Page 63 of Sweet Nightmare

“You can put me down now,” I tell him as soon as Mozart slams the door closed behind us and closes the padlock.

Jude doesn’t answer, just glares at me as he strides down the hall.

“Where are we going?” I demand, starting to struggle against him. “We still need to take care of the other monsters.”

He still doesn’t answer me. And he doesn’t stop walking.

I start to yell at him to put me down, to demand an answer for what just happened in that pen. That monster that was out for our blood took one look at Jude and ran from him. It literally shrank into a corner, doing its best to become all but invisible. And I need to know why.

Again, I start to order him to put me down right this instant. But I stop myself, because the truth is I’m trembling so badly that I’m afraid my knees won’t support me. So, instead of making him put me down, I press myself against him and hold on for just a little while.

I hold on to the powerful rise and fall of his chest.

I hold on to the strength flowing through his big, muscly body.

And, even though I tell myself not to, I hold on to the warm leather-and-honey scent of him. I even go so far as to turn my head and bury my face, ever so slightly, against his chest.

Later, I’m sure I’ll be mortified by my behavior. But for right now, I’ll take the comfort.

The thought has me burrowing deeper against him, and that’s when it hits me. The shaking I’m feeling isn’t coming from me at all. It’s coming from Jude.

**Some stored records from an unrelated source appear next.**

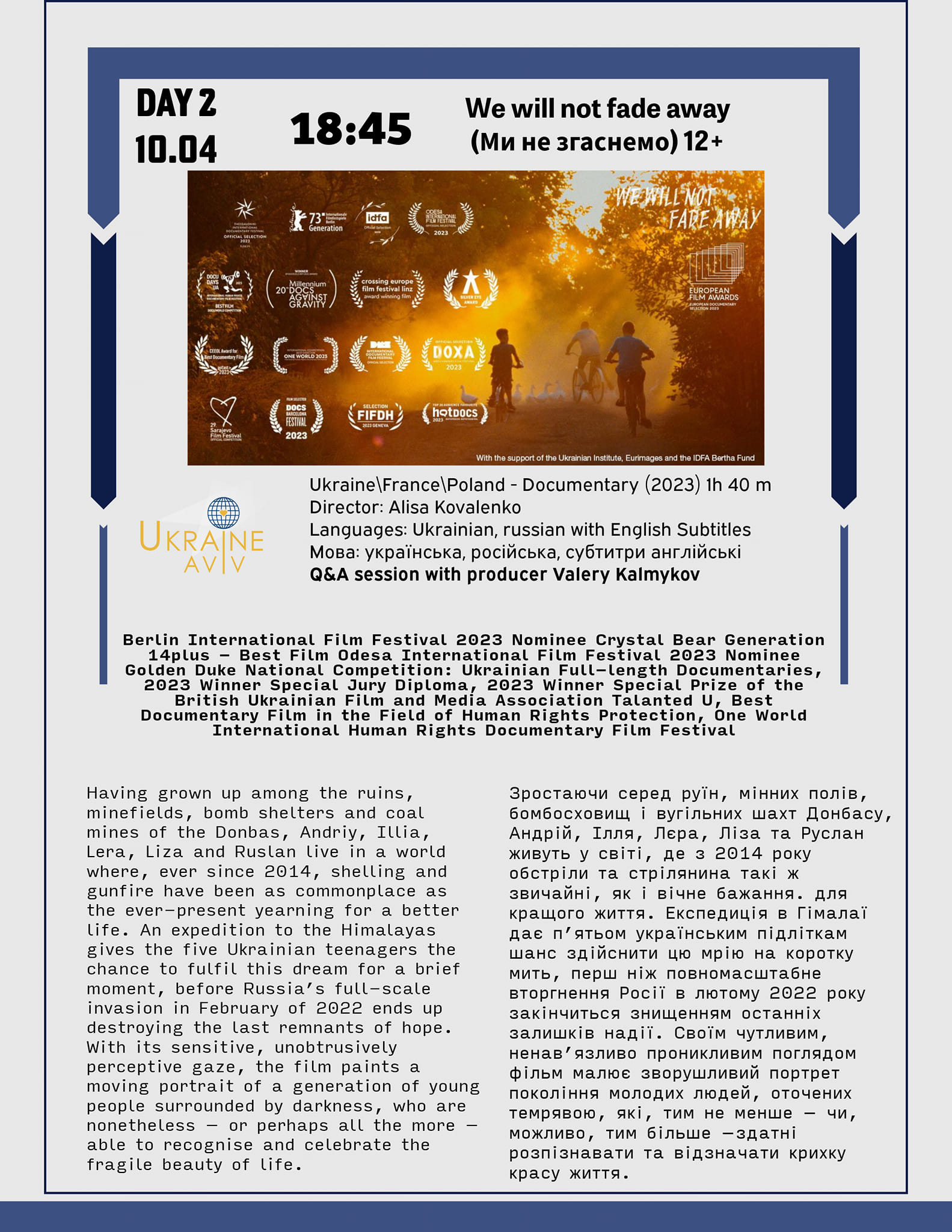 Рады представить Вам программу фестиваля современного украинского кино в Израиле — Ukraine Aviv.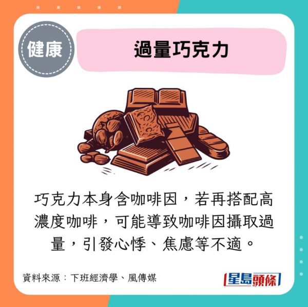 - 巧克力本身含咖啡因,若再搭配高濃度咖啡,可能導致咖啡因攝取過量,引發心悸、焦慮等不適。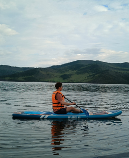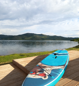 В глэмпинге имеется прокат сап-бордов, можно самостоятельно исследовать залив. В арендный комплект входит сап-борд 335 см, спасательный жилет, весло, страховка.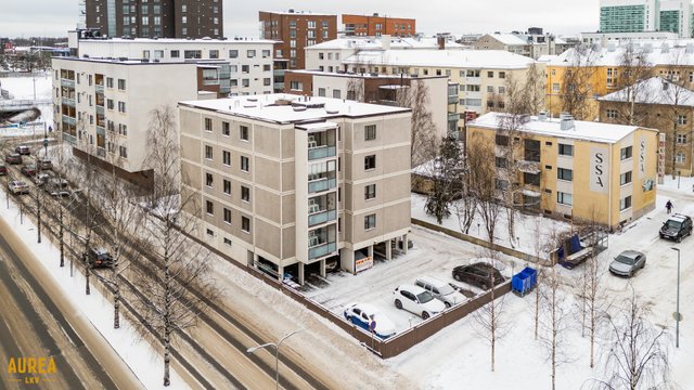Tervetuloa tutustumaan tähän kolmannen kerroksen saunalliseen kolmioon aivan Oulun keskustan palveluiden ääreltä!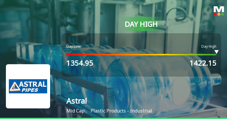 2026-01-22 15:31:28Astral Ltd recorded a robust intraday performance on 22 Jan 2026, surging to an intraday high of Rs 1,413, marking a 4.86% increase and closing the day with a notable 5.01% gain. This surge outpaced the Plastic Products sector and broader market indices, signalling a significant rebound after three consecutive days of decline.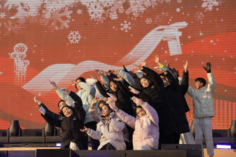 Účinkujúci majú skúšku pred novoročným odpočítavaním v Pekingu. Foto: SITA/AP.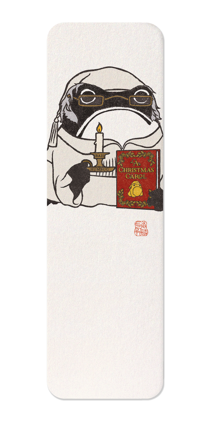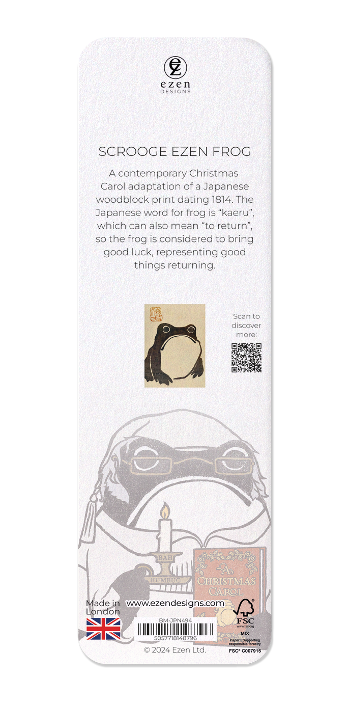 A contemporary Christmas Carol adaptation of a Japanese woodblock print dating 1814. The Japanese word for frog is “kaeru”, which can also mean “to return”, so the frog is considered to bring good luck, representing good things returning.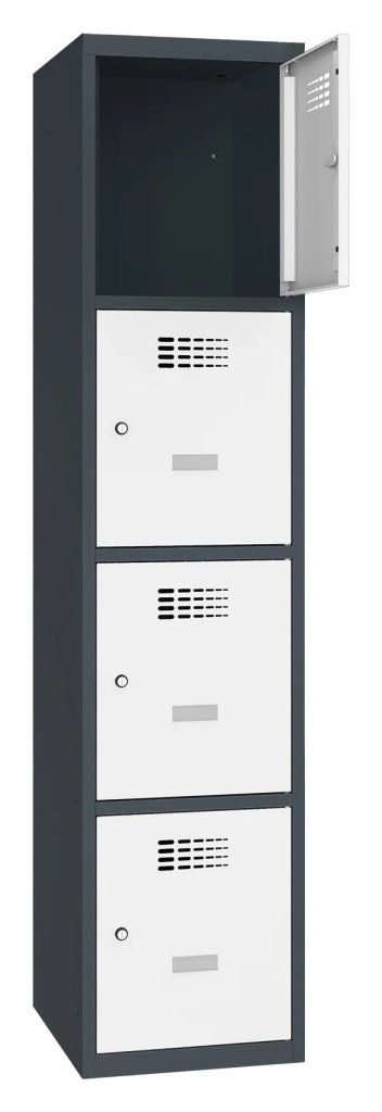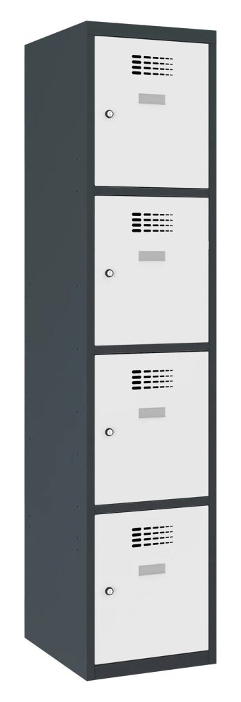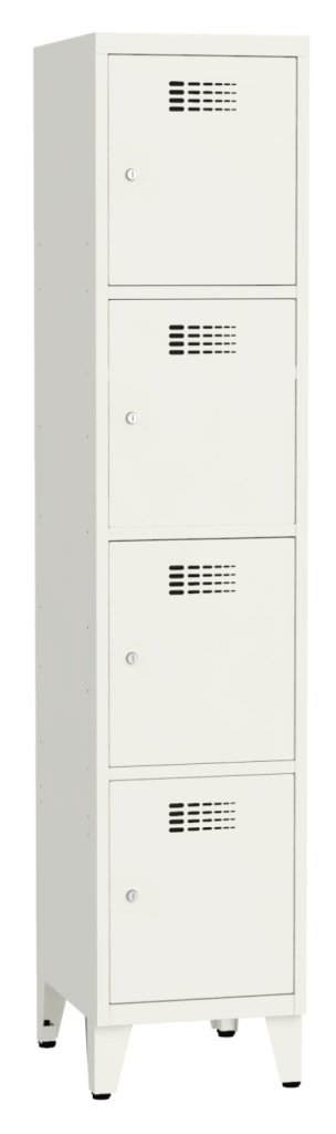 Štvordverová šatníková skrinka so zváranou konštrukciou a moderným dizajnom ventilačného systému. Výška 1800 x šírka 400 x hĺbka 500 mm. Na dverách samolepiaci štítok na meno. 16 farebných odtieňov na výber. Cylindrický zámok alebo uzáver pre visiaci zámok.Dvere 410x350mm

I pull back so I can look at him, really look at him. And it hits me. Jude isn’t angry. He’s terrified. Because of me. For me.

“I’m sorry,” I whisper, the words coming out before I have a clue I’m going to say them.

“We had a deal,” he snaps out, and his voice is so low and rumbly that I barely understand it.

“We had a bet,” I correct. “It’s not the same thing. But I know Izzy and I made a huge mistake.”

Jude starts to snap again—I can see it in the way his jaw works. Feel it in the way his chest tenses against me.

But in the end, he just shakes his head as he bursts out the double doors of the administration building and takes the steps down three at a time.

He doesn’t stop until we’re on ground level, several yards away from the building. Then, and only then, does he slide me slowly, carefully, to my feet. He holds on to me for a minute to make sure my legs—and everything else—can support me.

Turns out, they can. Barely. I lock my knees, just in case.

Jude watches the whole thing, gorgeous eyes swirling with a million words and even more emotions as he stares down at me.

“You need to trust me, Kumquat,” he finally says, and his voice is still all growly. “I won’t do anything that deliberately puts you in danger.”

“What about yourself?” I shoot back, because nothing Jude does is without risk.

“I was never in any danger. That’s what I was trying to tell you.”

“This time, maybe.” I narrow my eyes at him as the squid monster’s reaction to him plays over and over again in my head. “And why is that, exactly? What is it about you that turned that creature from homicidal to terrified in the blink of an eye?”

Again, he starts to say something. And again, he settles for snapping his mouth shut and shaking his head.

“You want me to trust you,” I whisper. “But you won’t trust me. About anything. How exactly do you think that’s supposed to work?”

He just stares at me, stonily, and suddenly it’s all too much.

Jude’s secrets.

The storm.

The fact that I still have the monster’s blood in my mouth.